At the hearing before the ALJ, Officer Pinckney testified that he was driving in the middle lane of South Cooper Street in Arlington when he saw ahead of him a blue and white Ford truck that was moving slower than the posted speed limit and the flow of traffic. Officer Pinckney pulled into the left lane beside the vehicle and observed the driver's condition. The driver had heavy eyelids and appeared as if he were intoxicated. He also appeared to be eating something. After Officer Pinckney moved behind the truck again, he observed the truck weave into the right hand lane several times. Officer Pinckney pulled over the vehicle and identified the driver as Marvin M. Ray, Jr.
Officer Pinckney testified that when he pulled Ray over, Ray fumbled excessively with his wallet and smelled strongly of alcohol. He told Officer Pinckney that he had consumed three or four alcoholic beverages that day. Officer Pinckney observed empty beer cans in the bed of the truck. Officer Pinckney then observed Ray perform several field sobriety tests. Officer Pinckney testified that Ray failed all the tests administered.

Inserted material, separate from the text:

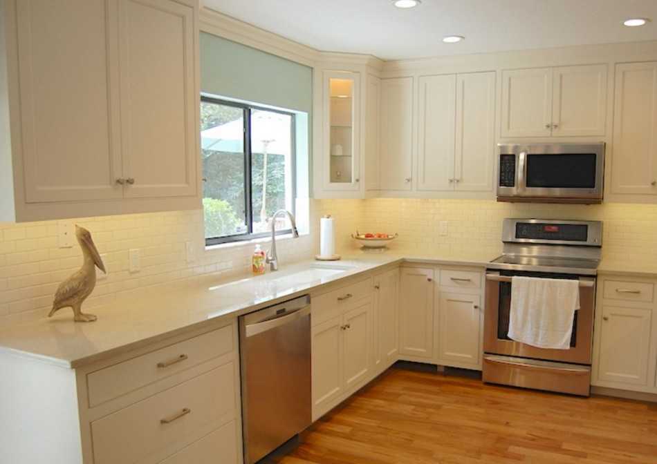 Если в кухне буквой Г недостаточно света, желательно выполнить ее в следующих тонах:

Officer Pinckney arrested Ray for driving while intoxicated and transported him to the Arlington jail. Before Officer Pinckney requested that Ray take a breath test, he gave Ray the required statutory warning, which informed Ray that if he refused to give a breath specimen, his license would be automatically
suspended for ninety days. Ray refused the test.
Section 2(b) of article 6701 l-5 provided:
(b) Before requesting a person to give a [breath] specimen, the officer shall inform the person orally and in writing that if the person refuses to give the specimen, . . . the person's license, permit, or privilege to operate a motor vehicle will be automatically suspended for not less than 90 days. . . .
Act of May 24, 1969, 61st Leg., R.S., ch. 434, § 2, 1969 Tex.Gen.Laws 1468, 1468-69, amended by Act of May 29, 1993, 73rd Leg., R.S., ch. 886, § 9, 1993 Tex.Gen.Laws 3515, 3523-24 (repealed 1995) (current version at T EX. TRANSP. CODE A NN. § 724.015 (Vernon Pamph. 1997)).
Officer Pinckney's testimony proved by a preponderance of the evidence the elements required to suspend Ray's driver's license under article 6701 l-5. We hold that the ALJ's decision was reasonable and supported by substantial evidence in light of the probative and reliable evidence in the record as a whole. Points of error one and two are sustained.
We reverse the judgment of the county court at law and render judgment affirming the decision of the ALJ.